Post-doctoral fellowships dwindling – who’s to blame?
By Shaun Hendy,
“Are we failing our scientists?” asked Nikki MacDonald in last Saturday’s Dominion Post.
MacDonald posed this question after obtaining figures from the Ministry of Science and Innovation showing that the number of post-doctoral positions funded by the ministry fell from 386 in 2007/8 to 323 in 2009/10. And this decline occurred before the government had axed the New Zealand Science & Technology post-doctoral fellowships in Budget 2010.
When the last of the current NZ S&T post-doctoral fellows finish in a year or so, we may have lost almost 40 percent of the MSI funded post-doctoral positions that we had in 2007/8.
No wonder then, that in 2011, Christchurch scientist Melanie Massaro and more than 500 others from around the country called for action to address the lack of opportunities for post-doctoral researchers in New Zealand. According to MacDonald’s article, the current minister of science and innovation, Stephen Joyce, disputes the notion that there are fewer opportunities for young scientists in New Zealand, although in doing so he has to describe the decrease in fellowships as “… not an increasing number …”. (To be fair, I am not sure that Joyce had seen the latest figures quoted here when he made his comments.)
However, the minister notes that there has been an increase in PhD students in New Zealand and suggests that the science system “… needs to encourage more young scientists to consider private-sector research”. The figure below shows that there has indeed been a large increase in science PhD enrolments over the last eight years (source: Ministry of Education), particularly in biological and environmental sciences.
The minister may have a point
I have blogged in the past about New Zealand industry’s need for more scientists. But are there private-sector jobs for our young scientists? The good news is that private sector R&D spending has been growing in New Zealand. The bad news is that this spending is not coming from the industries where most of our science graduates are likely to work. The figure below breaks New Zealand’s R&D spending down by industry and sector of performance (source: Statistics NZ).

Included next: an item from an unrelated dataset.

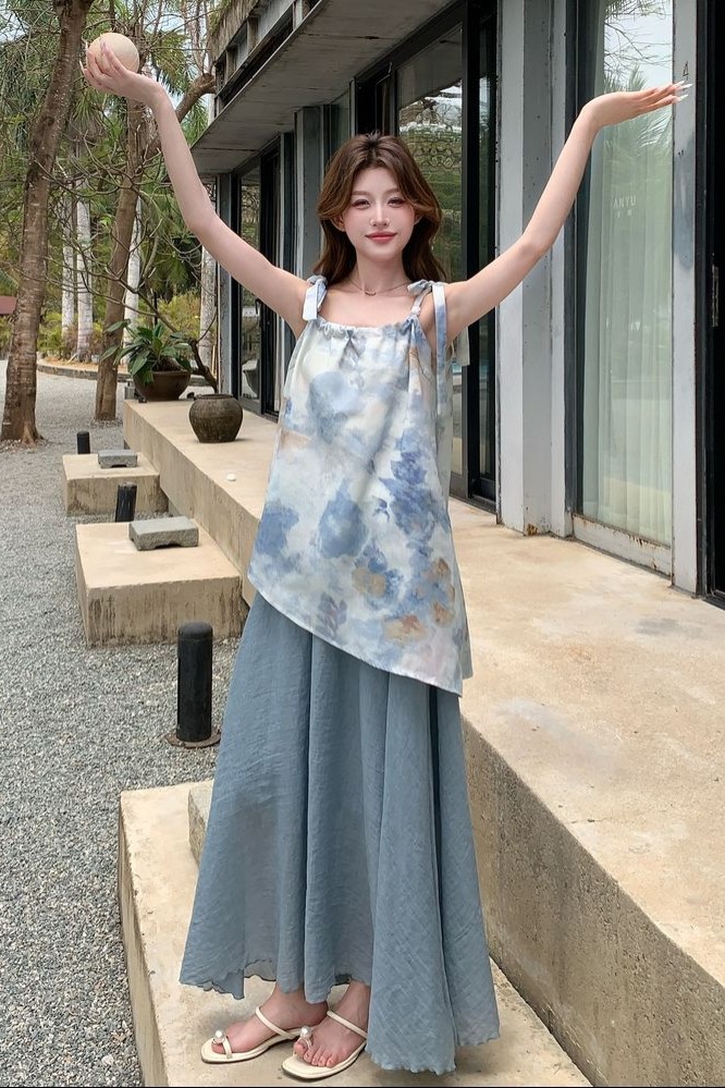 BY13787# 蓝色水墨晕染吊带背心半身裙套装新款夏日绝美海边度假两件套 服裝批發女裝批發服飾貨源

This figure shows that a large fraction of our private sector R&D is taking place in the manufacturing rather than the primary or environmental sector, while the bulk of our science PhD graduates are graduating in the biological and environmental sciences. These days the biological sciences have a much wider application than just the primary sector. Bioscience has applications in biotechnology and human health, for instance. However, there is a similar mismatch between public ($429m in 2010) and private (only $86m) bioscience spending. Although Statistics NZ found 99 firms conducting bioscience R&D in 2010, the R&D spend amounts to less than $1m per firm.
If you have a PhD in the biological or environmental sciences, it seems you are going to look first to the government to continue your career. In contrast, private sector R&D spending in the manufacturing and services sector has leaped ahead over the last decade (up by 40 percent in real terms since 2004) to over $900m in 2010 (Statistics NZ). These sectors receive significantly less public funding than the primary or bioscience sector.

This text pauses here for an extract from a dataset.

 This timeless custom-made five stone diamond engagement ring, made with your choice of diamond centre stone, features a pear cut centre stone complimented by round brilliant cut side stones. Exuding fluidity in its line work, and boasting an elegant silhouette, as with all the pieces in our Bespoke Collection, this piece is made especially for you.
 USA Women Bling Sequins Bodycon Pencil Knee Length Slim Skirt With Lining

Why do we have such a large mismatch between the allocation of public and private sector R&D? The environmental sciences (and much of the medical sciences) are largely public goods that are generally not going to be provided by the private sector. Government has a clear role in providing environmental and medical science so we should not be surprised that there is a big mismatch here between public and private sector spending.
On the other hand, government investment in the primary sector has historically been justified by the need to address the difficulty that producers have in collectively investing in research and development. Although there are a number of primary sector industry bodies, most of these have ceased to fund significant R&D efforts in recent times. Outside of big industry organisations like Fonterra, I am not sure whether there are a large number of primary sector jobs that make direct use of the skills of biological scientists.
Why have PhD enrolments in the biological and environmental sciences grown so strongly in the face of weak private sector demand? My analysis of the bibliometric output of the New Zealand science system showed that productivity (measured by papers per FTE) has not changed much in the last two decades, while total output and the number of papers per dollar have both increased significantly . Our output has gone up, our costs have gone down, while our productivity has remained the same. To me this points to a science system increasingly fuelled by less expensive PhD students.
There is no doubt that the loss of the NZ S&T post-doctoral fellowships in 2010 has been a big blow to the science system, but the decline in post-doc positions began before this. My guess is reflects the displacement of post-doctoral fellowships by less expensive PhD scholarships. Furthermore, the strong imbalance between public and private R&D spending in our innovation system means that we may be pumping out graduates in areas of science where there are fewer private sector opportunities.
Looking for ways to shift funding from graduate students back to post-doctoral fellowships should be a priority for our public research organisations, particularly those responsible for areas of science where private sector spending is weak.